One sold well, the other not so much. Howcome? Photo by Janitors on Flickr.

The Blerg podcast, if you didn’t know, is run by Chris Lacy, an Android developer who lives in Australia. It’s terrific – Chris has a knack for finding people to chat to who really know their stuff.

Still, his run of good luck had to come to an end, so he got in touch with me to talk about my analysis from August: how in Q2 2015, premium Android hit the wall (while Apple kept on growing).

The podcast is now live. And here are some graphs that I cooked up to help the discussion. Feast your eyes on them as you listen.

First is the graph showing year-on-year growth in quarterly shipments for all smartphones. The figures are from IDC.

World smartphone growth, year-on-year

From dramatic a couple of years ago, it has gone to so-so.

As you can see, it used to be gigantic, but in the past few quarters it has slowed down considerably. Part of that is the shine coming off China, while India and Africa haven’t yet started contributing in significant numbers. The US is slowing, Europe is slowing.

But what has happened to the top-end smartphone makers relative to the growth of the rest of the market?

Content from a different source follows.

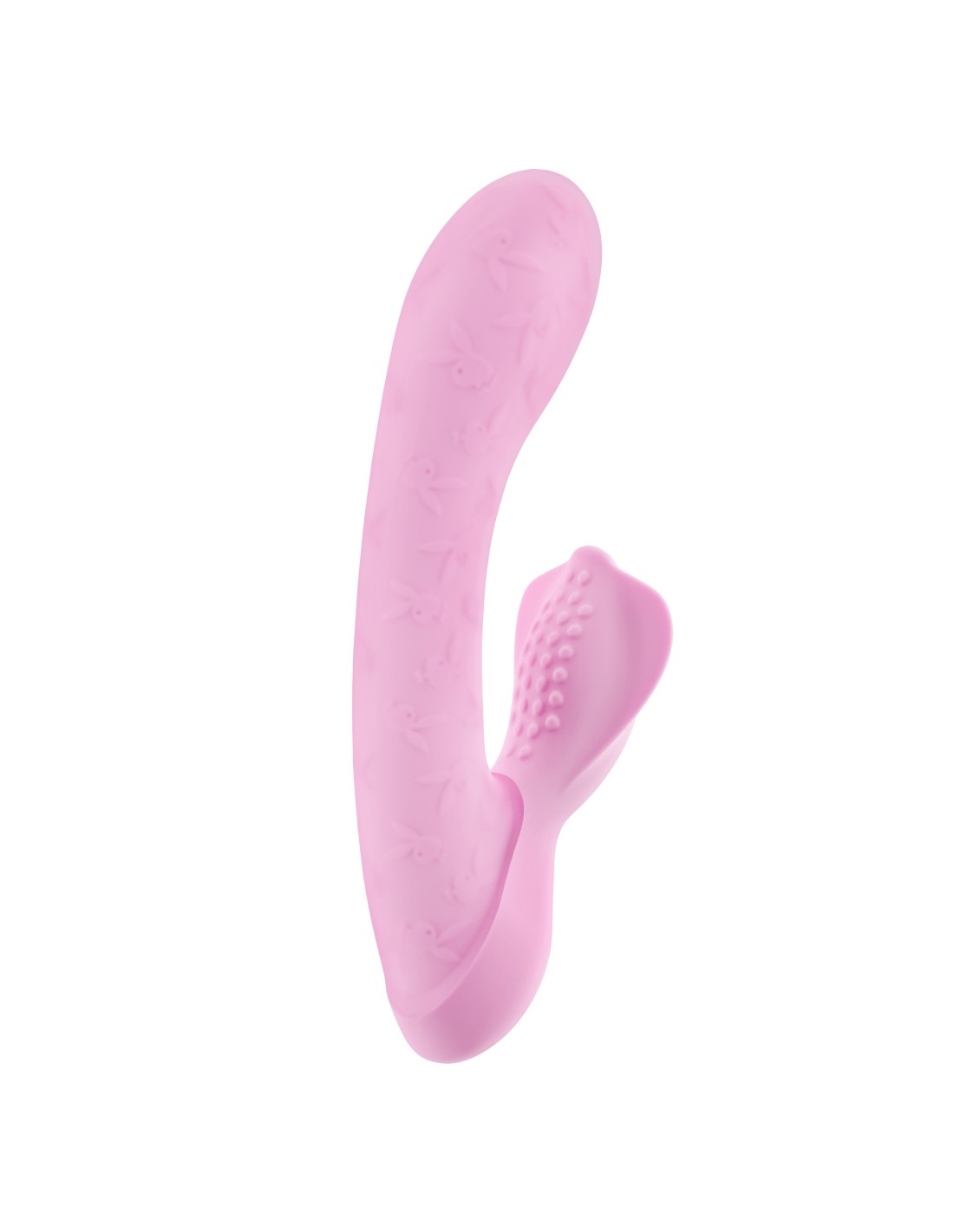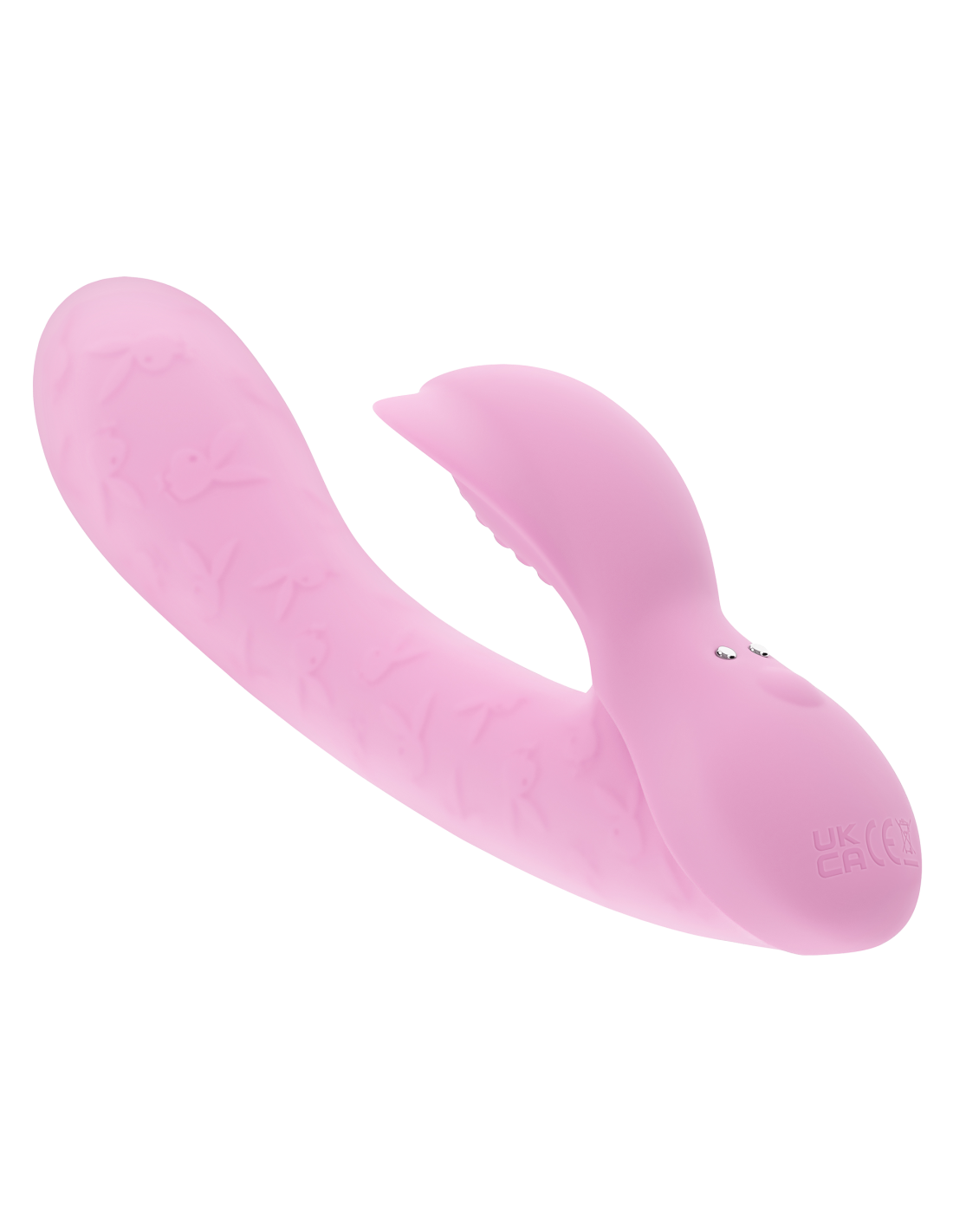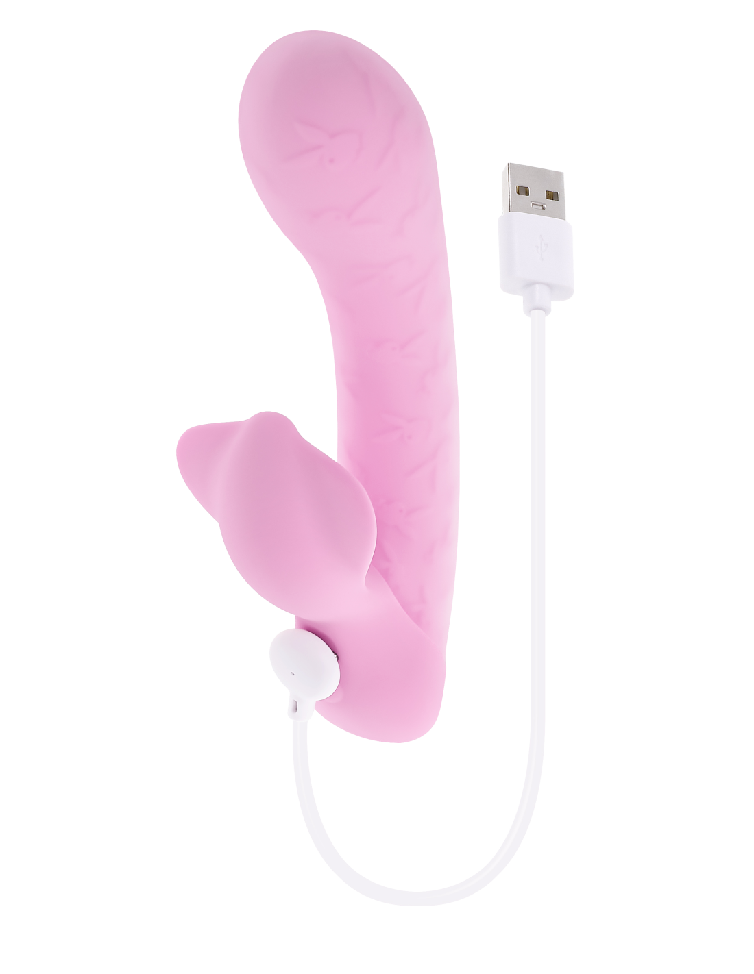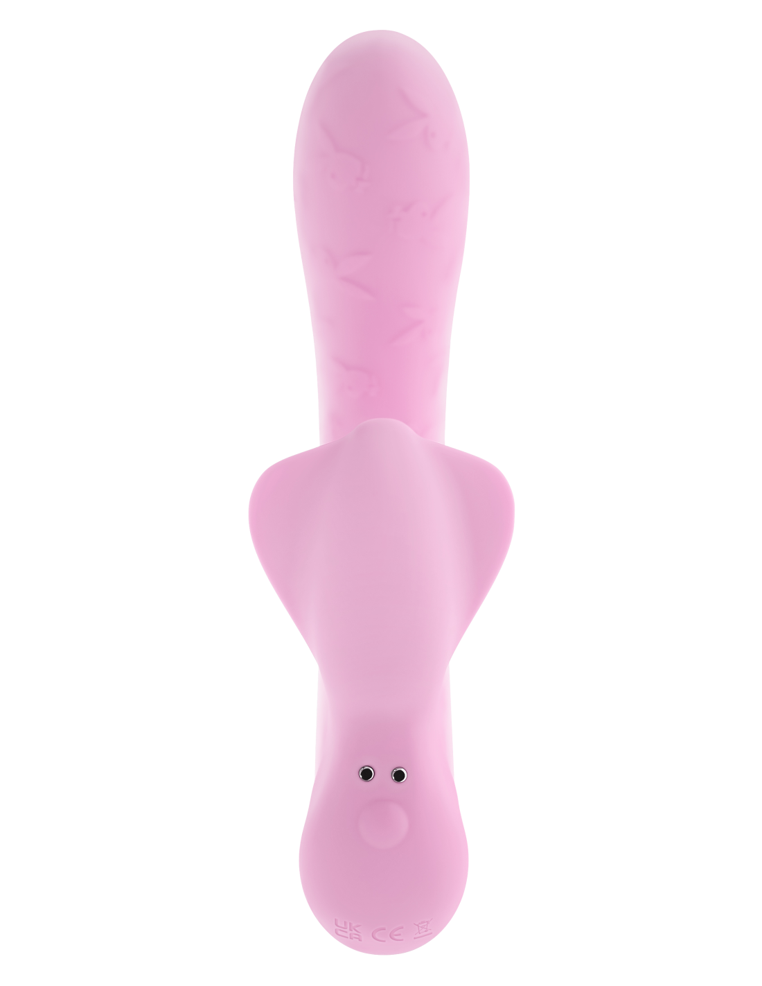 Rabbit Party tonight! Follow the bunny trail to this powerful dual Vibrator that’s got some hopping good features. The flexible, gently curved shaft is covered in Playboy rabbit heads that tickle as you play, not to mention the dual-layered silicone material which has a truly life-like feel you have to experience to believe. But that’s not all - this bunny has more tricks up its sleeve! In a twist on the usual rabbit ears, the stimulator shaft is shaped like a petal to surround the clitoris and drive vibrations deep into that primary erogenous zone for a whole new level of satisfaction. With a chunky handle and easy 1-button control for both motors simultaneously, you’ve hit the bunny jackpot!

Here’s what the spreadsheet looks like if you subtract their year-on-year shipment growth from that of the smartphone market. Basically, if the cell is red, then its shipments grew less than the market; if green, they grew more.

Ranking smartphone makers against the market

Relative to the overall market growth, which OEMs have thrived, and which haven’t?

You can also graph this. There’s more data for iPhones, which is why those go back further.

Long term OEM shipment growth v overall market

Not all data is available for all OEMs.

But let’s zero in on the more recent quarters. What this shows is that while all the “top-end Android” companies have decelerated, Apple has for the past three quarters – ie since the launch of the iPhone 6/Plus – been growing faster than the market.

Recent smartphone OEM growth v overall market

Remember, this is normalised against the growth of the whole market.

That to me suggests that any talk about a 4in “iPhone 6C” was dead in the water: what people want is bigger iPhone screens, and if people really want to have a 4in screen, then Apple is happy to sell them 2013’s iPhone 5S at a low, low price.

And then there’s Chris’s own data for one of his apps direct from the Google Play store.

Chris Lacy's snapshot of Action Launcher installs

Notice how few phones there are from 2015.


Look down the list, and what do you see? Most of the downloads come from phones which weren’t released this year.

What does that mean for the “premium” Android handset makers though? Chris and I work through this, including discussions about why there isn’t a 32GB iPhone 6/6S/Plus, where all the buyers have gone and what the future holds for people like Chris, who make paid-for apps that you’d expect “premium Android” buyers to be purchasing.